====== Recorded data ======

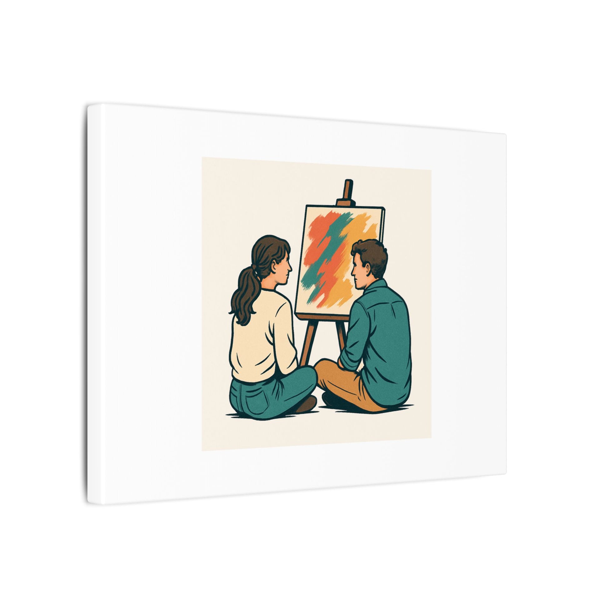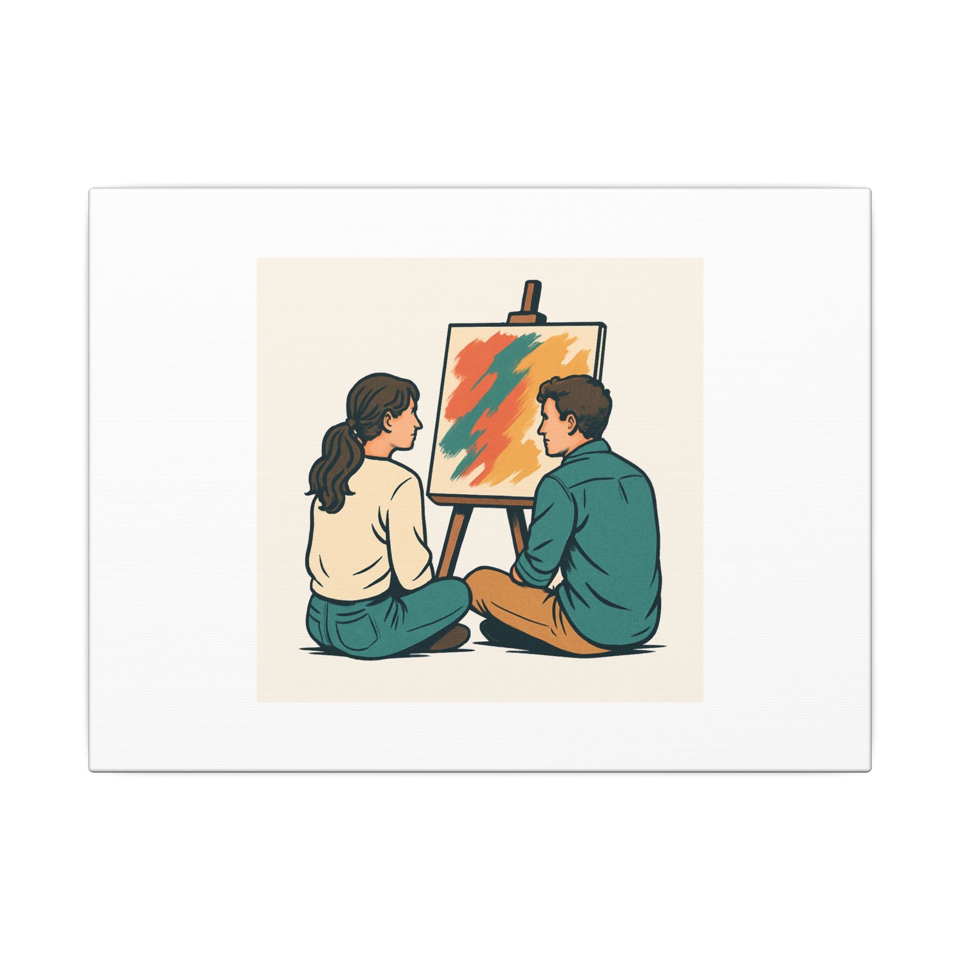 A warm, minimalist stretched canvas that captures a quiet moment between two people sharing creativity. The soft illustration sits on a generous white margin, letting the scene breathe while the matte finish keeps reflections away. Lightweight yet sturdy, the canvas brings a calm, artful presence to living rooms, studios, or reading nooks — a gentle reminder of shared time and quiet collaboration.
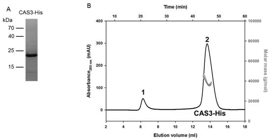 The protein encoded by the cas3 gene belongs to the cab-like sub-class of β-CAs and is localized to the cytoplasm []. Indeed, the cab-like CAs take their name from the enzyme discovered in the archaeon Methanobacterium thermoautotrophicum, which has only one such enzyme, called cab [], and they are amongst the smallest CAs ever reported. Similar to cab, CAS3 that is reported here is composed of 174 amino-acid residues, with a calculated molecular mass of 19.2 kDa. CAS3 was synthesized in E. coli Rosetta (DE3) cells as a C-terminal His-tag fusion protein (Figure 1). After purification, 5–7.5 mg CAS3 could be obtained per L of culture. The purified enzyme was dialyzed against 50 mM 4-(2-hydroxyethyl)-1-piperazineethanesulfonic acid (HEPES) pH 8.3, 50 mM NaCl. To analyze the state of CAS3-His in solution, size‑exclusion chromatography and multi-angle laser light scattering (SEC-MALLS) was performed (Figure 1). The calculated molar mass of CAS3 amounts to 38,650 g∙mol−1 (±0.1%), which corresponds to 1.9 times of the CAS3 monomer (20.36 kDa) (Figure 1). These findings suggest that the biological unit of CAS3 is a homo-dimer in solution, which is the same as for cab and other β-CAs from fungi or bacteria that have been investigated to date [,,,,].
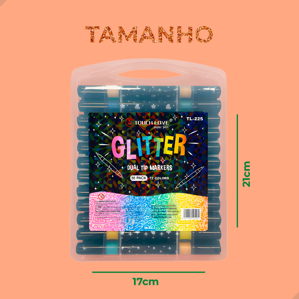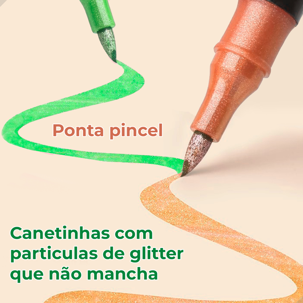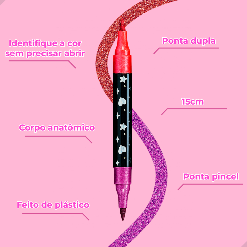 Conjunto de Canetinhas com Glitter Ponta Dulpa Brush Pen Touch Love Kit com Várias Cores 2 em 1
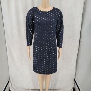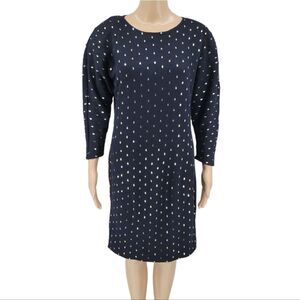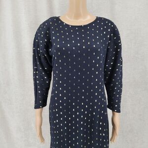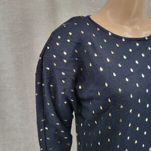 Stunning 80s Sweater Dress. Made in Italy. 75% Pura Lana/ wool, 25% angora. Black Dress with metallic gold foil tear drops. Puffed up sleeves with thin shoulder pads. Close up shows small hairs. This is the angora woven in. I've had it professionally dry cleaned. it is in great condition, no holes or stains. Fall, Statement Piece, trending, high end- well-made
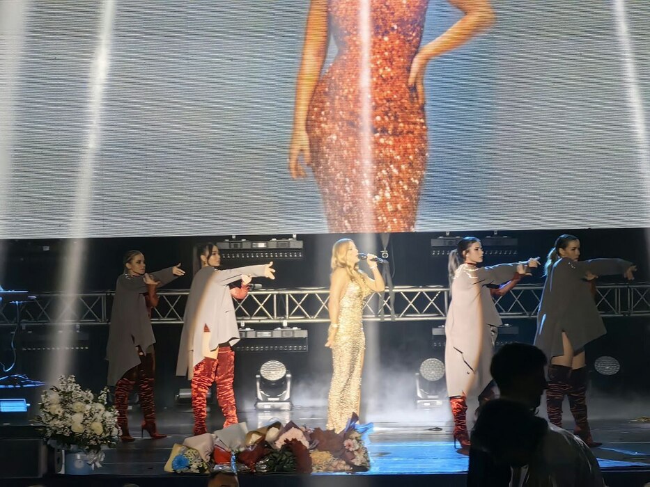Романтичной атмосферой был окутан и зал «Октябрьского». Лорак подарили целое море цветов, которые расположились прямо на сцене. Также муж активно принимал участие в процессе: снимал ее фан-встречу на телефон.
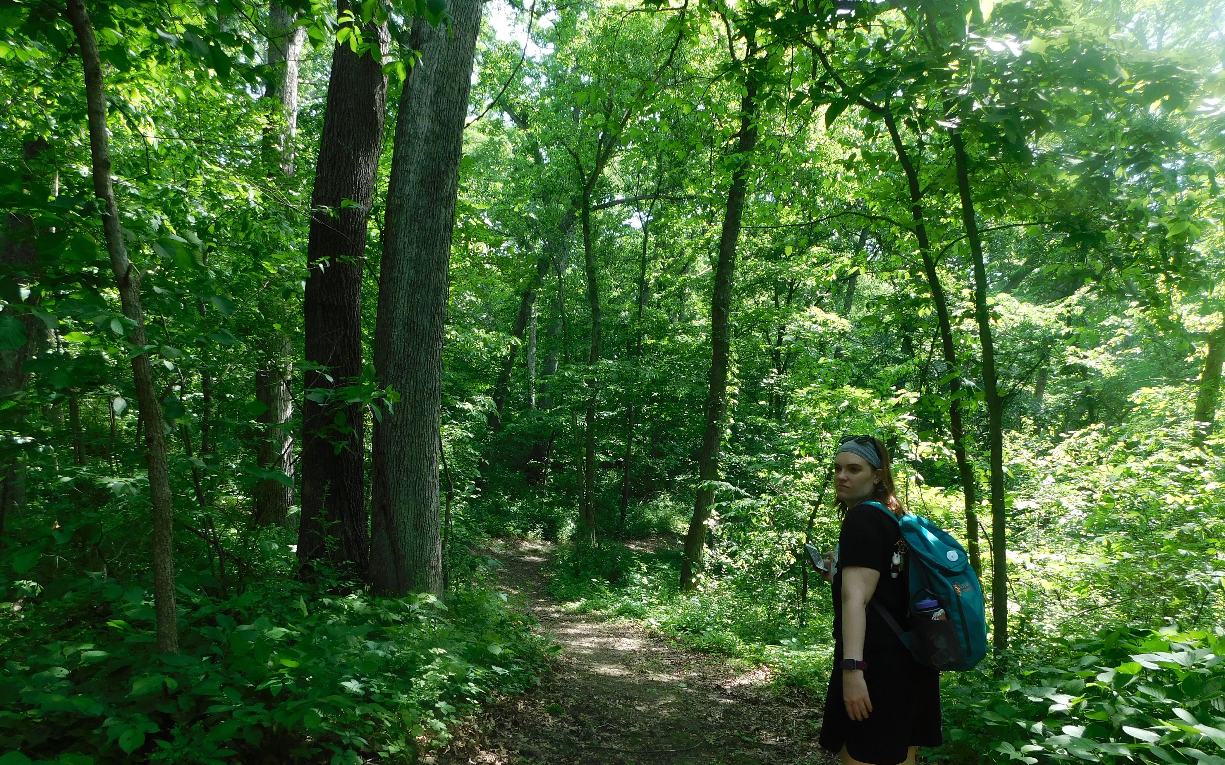 Despite the initial confusion, the serenity of this trail once we were able to get started really made it all worth it. The park is one of the most forested places in this area, with different kinds of trees growing at different heights of the ravines. White and black oaks are found on the ridges high up, while sycamore and silver maples are down below on the floodplain. We were somewhere in the middle, and were more likely surrounded by a combination of oak and maple trees.
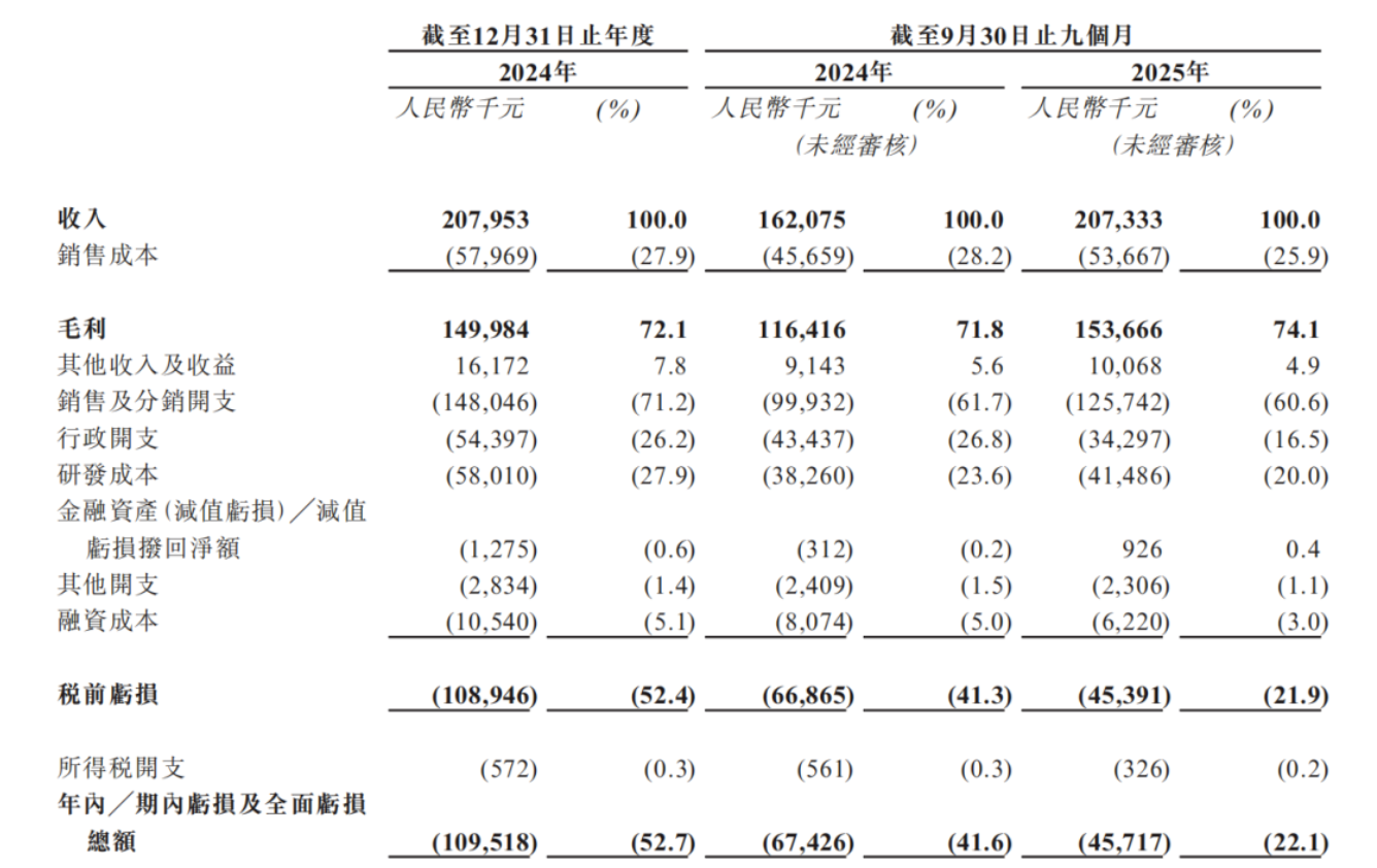 报告期各期,五和博澳净亏损分别为1.10亿元、4571.7万元,2025年1-9月毛利率,同比提升2.3个百分点,亏损幅度同比收窄32.2%;扣除股份支付开支影响后,经调整净亏损分别为8881万元、3685.4万元。

======

▸ Task objective: Return the lines above from the one with "Conjunto de Canetinhas" through the one with "Stunning 80s Sweater", verbatim and nothing else. Omit every picture.

▸ Reply:
 Conjunto de Canetinhas com Glitter Ponta Dulpa Brush Pen Touch Love Kit com Várias Cores 2 em 1
 Stunning 80s Sweater Dress. Made in Italy. 75% Pura Lana/ wool, 25% angora. Black Dress with metallic gold foil tear drops. Puffed up sleeves with thin shoulder pads. Close up shows small hairs. This is the angora woven in. I've had it professionally dry cleaned. it is in great condition, no holes or stains. Fall, Statement Piece, trending, high end- well-made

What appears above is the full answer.